The sized_­range concept refines range with the requirement that the
number of elements in the range can be determined in amortized
constant time using ranges?::?size.

template<class T>   
  concept sized_­range =
  range<T> &&
    requires(T& t) { ranges::size(t); };

The standard states that obtaining the size of ranges::sized_range is guaranteed to be in constant time. Consider the following:

auto r1 = std::views::iota(0)
    | std::views::filter([](int x){ return x % 2 == 0; })
    | std::views::take(1'000'000);

r1 is obviously not sized_range, because it is impossible to get its size in
constant time, which also means that we use ranges::size to evaluate its size is also ill-formed.

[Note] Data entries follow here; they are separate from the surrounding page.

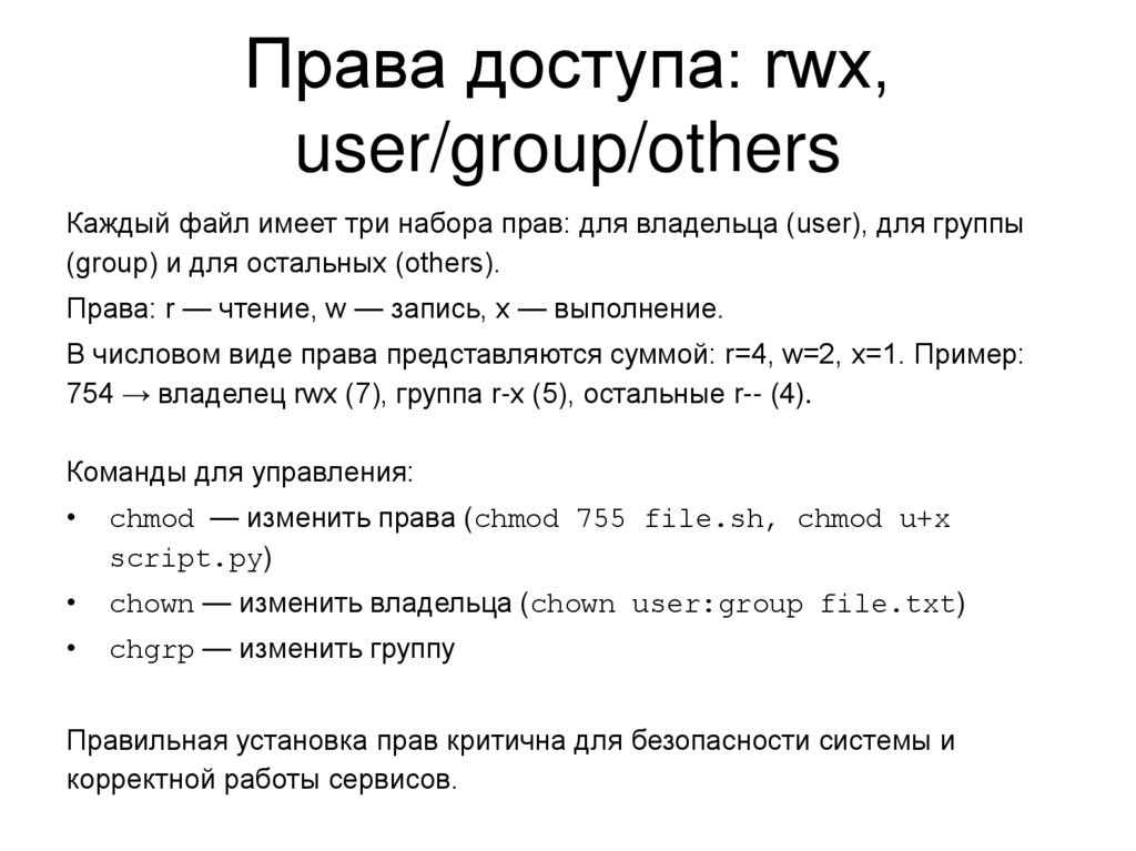 chmod — изменить права (chmod 755 file.sh, chmod u+x
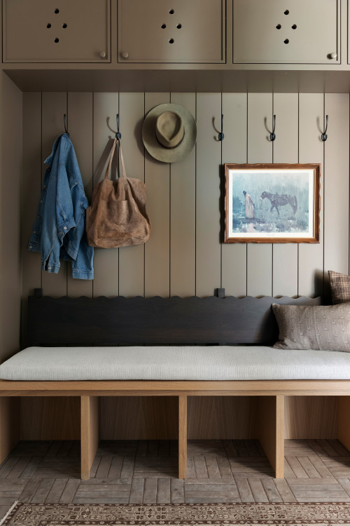 Laura Tays a Tays & Co. Design Studiostól ezt a hangulatos minneapolisi mosdószobát különleges részletekkel töltötte meg, például szellőzőnyílásokkal a felső szekrényekben és a diófából és fehér tölgyfából készült egyedi pad hátuljának recézett szélével. A megjelenés kedves, ugyanakkor munkára alkalmas is, tartós csempepadlóval és a pad párnáján lévő strapabíró szövetekkel.
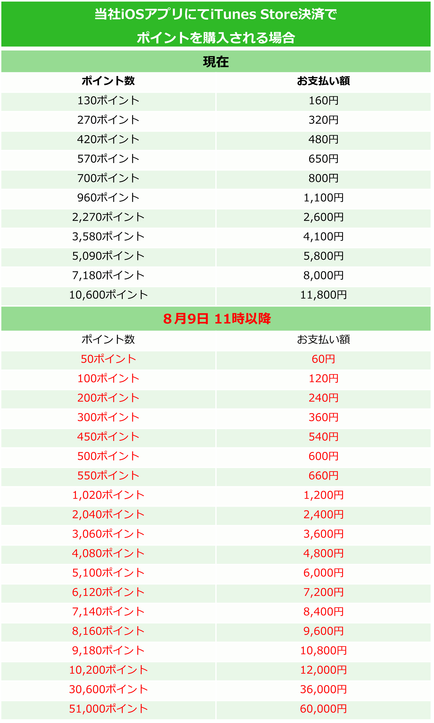 8月9日 11:00より、Appleの価格表変更に基づき、iOSアプリにてポイントをご購入される際の価格を、下表に改定します。
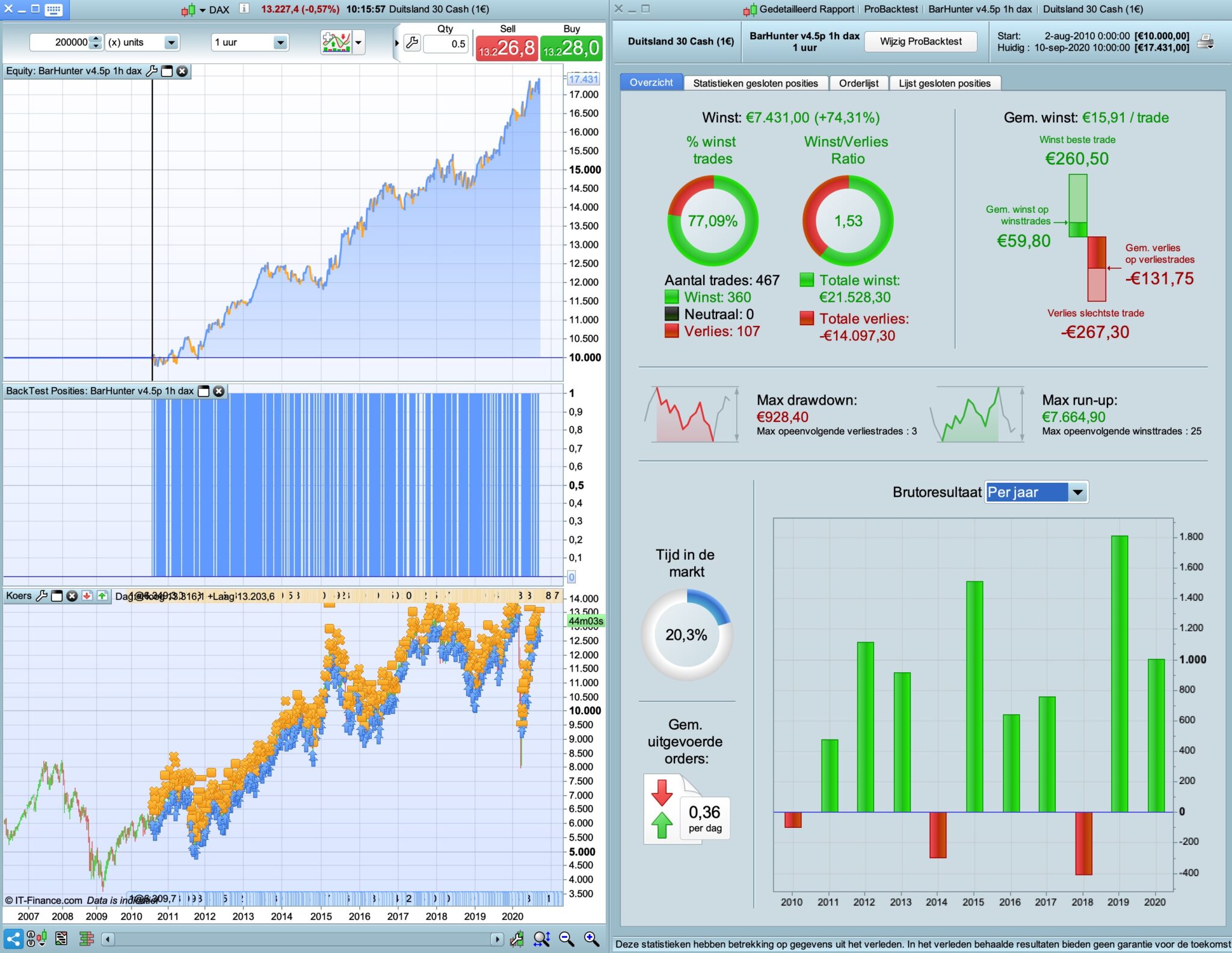 Those results are not good enough. I’ve converted barhunter strategy quickly to the concept of vectorial but because of removing a lot of criteria the strategy didn’t perform anymore. I will leave it as it is atm.

But I discovered by accident that if we apply views::reverse on it, the new range r2 suddenly becomes a sized_range, and we can directly use ranges::size to get its size correctly, godbolt:

auto r2 = r1 | views::reverse;

static_assert(!ranges::sized_range<decltype(r1)>);
static_assert( ranges::sized_range<decltype(r2)>);
std::cout << std::ranges::size(r2) << "n"; // print 500'000

However, it is obvious that the new range r2 is not a sized_range, since we can never get its size in constant time, this seems to violate what the standard says.

Why can views::reverse transform a non-sized_range into a sized_range? Obviously, this conversion will not have any effect on the size of the original range. Is this a standard defect or is it a library bug?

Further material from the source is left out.